▶ _Exercise goal_
Would you print out all of the data exactly and keep the pictures out of it?

▶ _Exercise data_
########
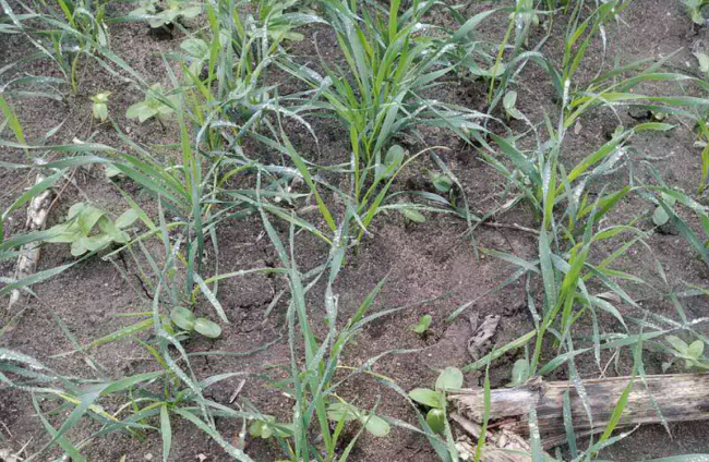 Посевы озимого ячменя находятся в удовлетворительном состоянии, чистые от сорняков, ячмень сформировал по 2-3 листочка высотой 4-6 см.
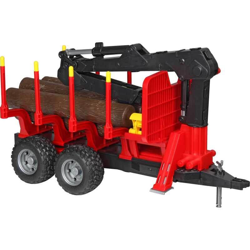 Met de bosbouw aanhangwagen met laadkraan kan je de boomstammen van het bos naar de houtzager brengen. De twee-assige aanhanger beschikt over vier zijbalken, welke gemakkelijk verplaatst kunnen worden, een laadkraan met grijparm en een eigen trekhaak, zodat er meer dan één aanhanger getrokken kan worden.De Bosbouw aanhangwagen met laadkraan en vier boomstammen kan met alle Bruder tractoren worden gebruikt.
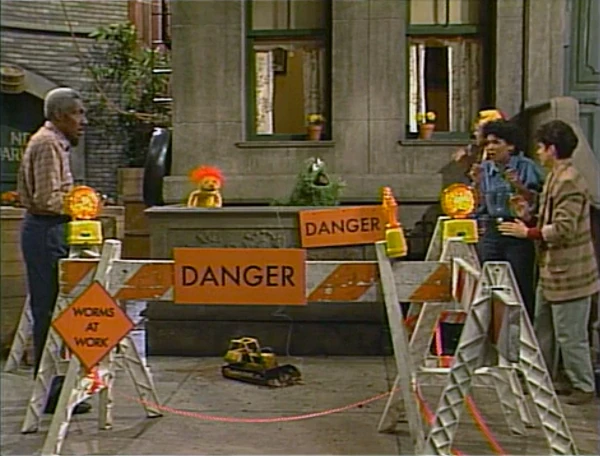 SCENE 2 | Savion, Merry Monster, Maria, Linda, and Mr. Handford have a difficult time getting around the street, which is filled with DANGER signs. Oscar, enjoying the spectacle, explains that the worms are building a subway stop in the area and need the workspace. The worms get ready to blast through the pavement, but the explosion turns out to be much smaller than expected. |
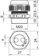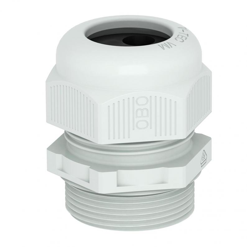 Cable gland with metric connection thread in cap nut design, suitable for junction boxes, housings, distributor cabinets in private and industrial areas. With strain relief and integrated sealing lip, tested according to DIN EN 62444. Protection class IP68. Can be used between –20°C and +65°C.
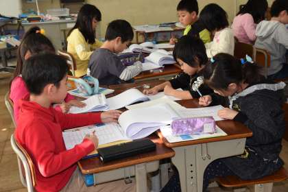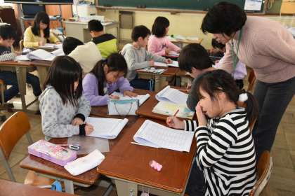 冬休みの宿題をグループで確認しました。計算問題は自分達で丸付けをしました。冬休みもしっかりと勉強ができていました。
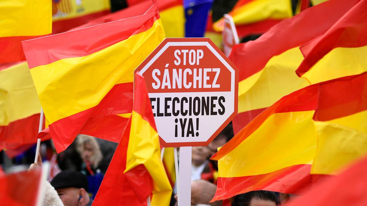 Decenas de miles de personas se manifestaron este domingo en Madrid contra Pedro Sánchez, al que acusan de "traición" a España por dialogar con los separatistas catalanes.
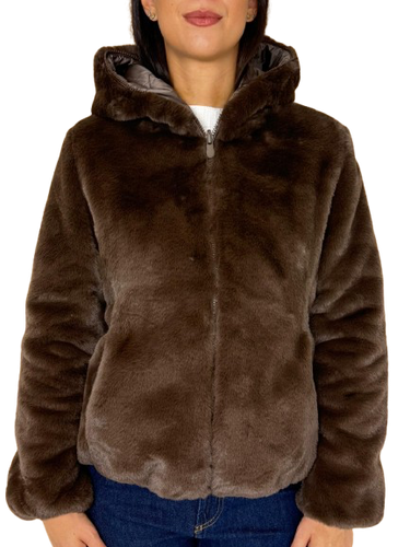 GIUBBINO DONNA MARRONE CORTO IN ECO-PIUMA
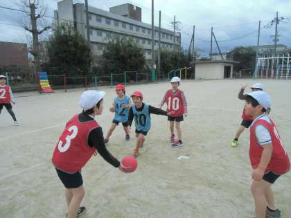 体育科で,「パスゲーム」の学習が始まりました。同じチームのメンバーにボールを投げてパスをします。シュートが成功したら1点です。
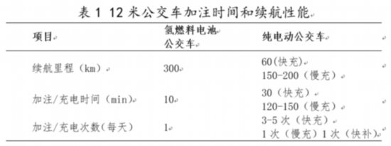 以12米公交車(chē)實(shí)際運(yùn)行的數(shù)據(jù)為例,加注/充電時(shí)間和續(xù)航性能對(duì)比如表1所示。
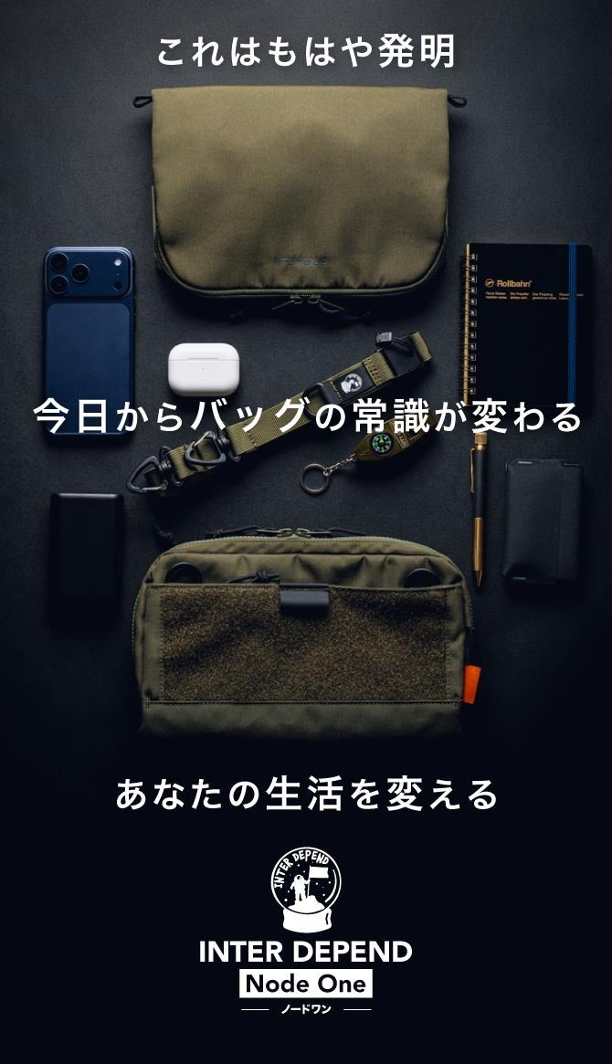 INTER DEPEND(インターディペンド)は、無類のバッグ好きがゼロから作り上げた日本発の完全オリジナルバッグブランドです。そんなINTER DEPENDが3年3ヶ月の歳月をかけゼロから作った最初のバッグ、「Node One(ノード ワン)」が、2025年12月18日(木)よりMakuakeにて世界に先駆け先行販売します。
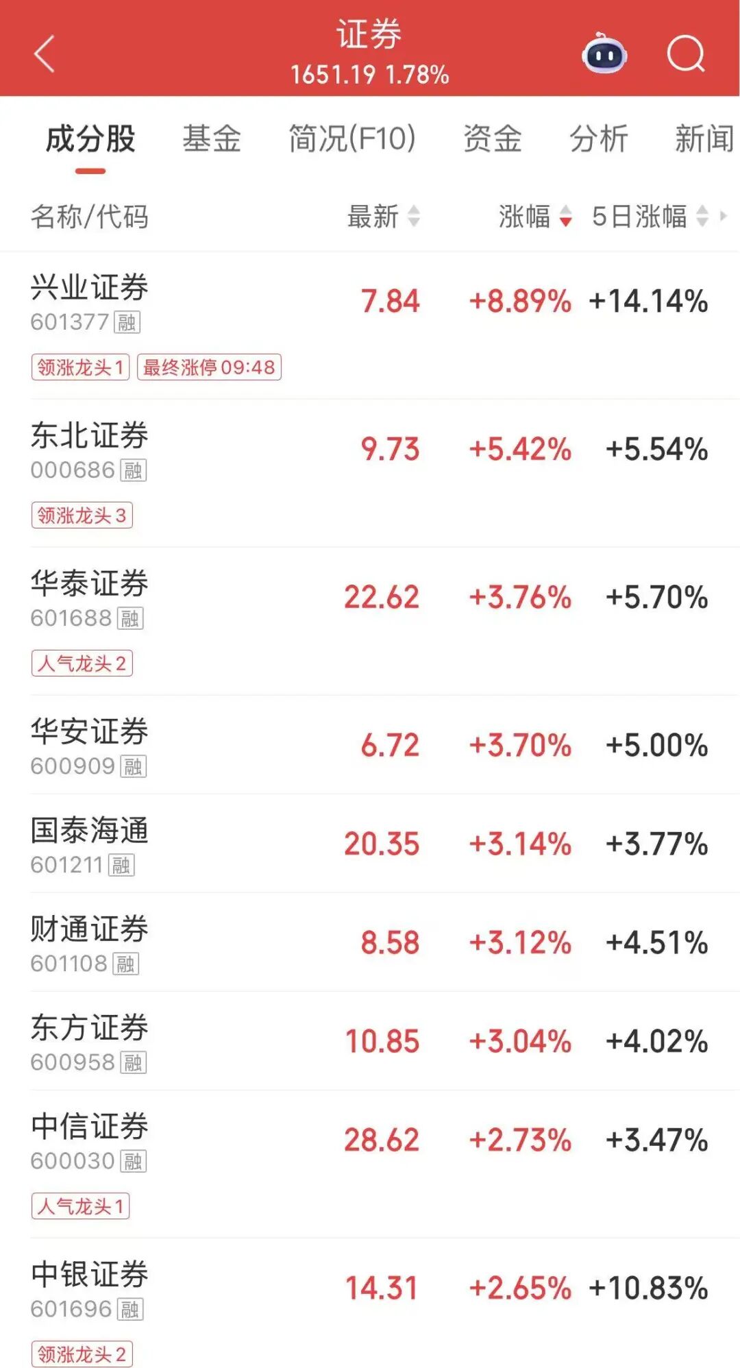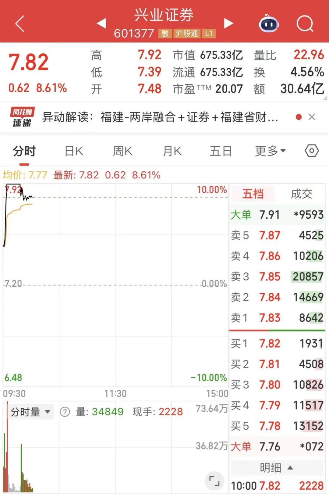证券板块开盘走高,兴业证券(601377)开盘后快速拉升,三分钟涨停,随后打开涨停板,截止发稿,涨超8%。东北证券、华泰证券、华安证券、国泰海通跟涨。
########
▶ _Solution_
 Посевы озимого ячменя находятся в удовлетворительном состоянии, чистые от сорняков, ячмень сформировал по 2-3 листочка высотой 4-6 см.
 Met de bosbouw aanhangwagen met laadkraan kan je de boomstammen van het bos naar de houtzager brengen. De twee-assige aanhanger beschikt over vier zijbalken, welke gemakkelijk verplaatst kunnen worden, een laadkraan met grijparm en een eigen trekhaak, zodat er meer dan één aanhanger getrokken kan worden.De Bosbouw aanhangwagen met laadkraan en vier boomstammen kan met alle Bruder tractoren worden gebruikt.
 SCENE 2 | Savion, Merry Monster, Maria, Linda, and Mr. Handford have a difficult time getting around the street, which is filled with DANGER signs. Oscar, enjoying the spectacle, explains that the worms are building a subway stop in the area and need the workspace. The worms get ready to blast through the pavement, but the explosion turns out to be much smaller than expected. |
 Cable gland with metric connection thread in cap nut design, suitable for junction boxes, housings, distributor cabinets in private and industrial areas. With strain relief and integrated sealing lip, tested according to DIN EN 62444. Protection class IP68. Can be used between –20°C and +65°C.
 冬休みの宿題をグループで確認しました。計算問題は自分達で丸付けをしました。冬休みもしっかりと勉強ができていました。
 Decenas de miles de personas se manifestaron este domingo en Madrid contra Pedro Sánchez, al que acusan de "traición" a España por dialogar con los separatistas catalanes.
 GIUBBINO DONNA MARRONE CORTO IN ECO-PIUMA
 体育科で,「パスゲーム」の学習が始まりました。同じチームのメンバーにボールを投げてパスをします。シュートが成功したら1点です。
 以12米公交車(chē)實(shí)際運(yùn)行的數(shù)據(jù)為例,加注/充電時(shí)間和續(xù)航性能對(duì)比如表1所示。
 INTER DEPEND(インターディペンド)は、無類のバッグ好きがゼロから作り上げた日本発の完全オリジナルバッグブランドです。そんなINTER DEPENDが3年3ヶ月の歳月をかけゼロから作った最初のバッグ、「Node One(ノード ワン)」が、2025年12月18日(木)よりMakuakeにて世界に先駆け先行販売します。
证券板块开盘走高,兴业证券(601377)开盘后快速拉升,三分钟涨停,随后打开涨停板,截止发稿,涨超8%。东北证券、华泰证券、华安证券、国泰海通跟涨。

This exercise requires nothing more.